##### EXERCISE INPUTS #####

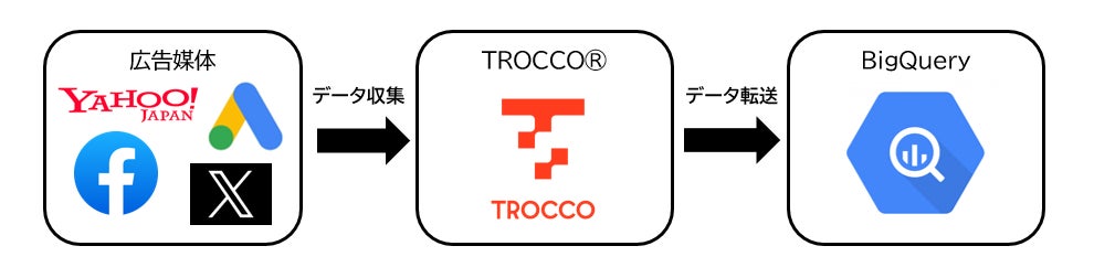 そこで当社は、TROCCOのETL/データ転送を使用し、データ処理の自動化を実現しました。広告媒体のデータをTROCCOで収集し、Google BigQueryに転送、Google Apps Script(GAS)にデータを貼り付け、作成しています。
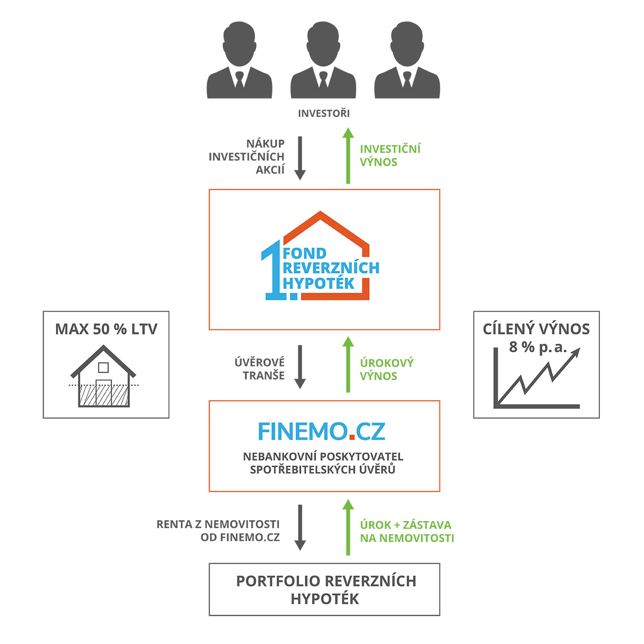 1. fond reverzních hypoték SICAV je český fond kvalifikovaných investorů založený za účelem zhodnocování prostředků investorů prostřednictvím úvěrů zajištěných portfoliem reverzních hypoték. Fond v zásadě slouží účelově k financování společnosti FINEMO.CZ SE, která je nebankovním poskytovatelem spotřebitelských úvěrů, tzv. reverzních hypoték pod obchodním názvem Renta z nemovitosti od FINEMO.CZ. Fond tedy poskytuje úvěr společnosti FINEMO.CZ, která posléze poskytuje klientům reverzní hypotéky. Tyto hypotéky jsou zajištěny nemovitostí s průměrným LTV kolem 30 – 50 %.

#####
##### EXERCISE INPUTS #####

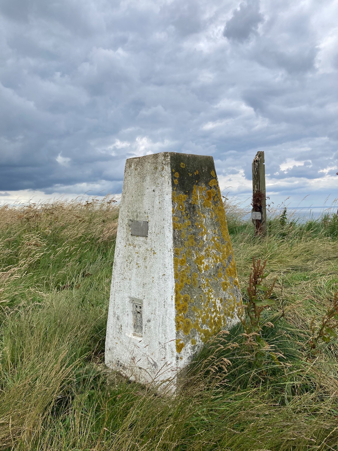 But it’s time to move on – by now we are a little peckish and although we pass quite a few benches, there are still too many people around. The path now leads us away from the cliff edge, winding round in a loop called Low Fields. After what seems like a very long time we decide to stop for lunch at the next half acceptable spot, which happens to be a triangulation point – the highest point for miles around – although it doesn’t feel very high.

#####
##### EXERCISE INPUTS #####

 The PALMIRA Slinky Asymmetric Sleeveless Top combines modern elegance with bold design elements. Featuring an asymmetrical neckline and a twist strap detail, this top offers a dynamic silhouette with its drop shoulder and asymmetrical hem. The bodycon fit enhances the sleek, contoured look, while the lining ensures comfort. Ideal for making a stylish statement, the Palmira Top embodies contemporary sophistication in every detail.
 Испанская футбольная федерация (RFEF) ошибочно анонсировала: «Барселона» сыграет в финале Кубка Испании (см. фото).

#####

AIM OF THE TASK: Transcribe the listing above exactly, but only from the line with "BigQueryに転送、Google Apps Script(GAS)にデータを貼り付け、作成しています。" through the line with "1. fond reverzních". Include both of those lines and omit the pictures.

EXERCISE ANSWER:
 そこで当社は、TROCCOのETL/データ転送を使用し、データ処理の自動化を実現しました。広告媒体のデータをTROCCOで収集し、Google BigQueryに転送、Google Apps Script(GAS)にデータを貼り付け、作成しています。
 1. fond reverzních hypoték SICAV je český fond kvalifikovaných investorů založený za účelem zhodnocování prostředků investorů prostřednictvím úvěrů zajištěných portfoliem reverzních hypoték. Fond v zásadě slouží účelově k financování společnosti FINEMO.CZ SE, která je nebankovním poskytovatelem spotřebitelských úvěrů, tzv. reverzních hypoték pod obchodním názvem Renta z nemovitosti od FINEMO.CZ. Fond tedy poskytuje úvěr společnosti FINEMO.CZ, která posléze poskytuje klientům reverzní hypotéky. Tyto hypotéky jsou zajištěny nemovitostí s průměrným LTV kolem 30 – 50 %.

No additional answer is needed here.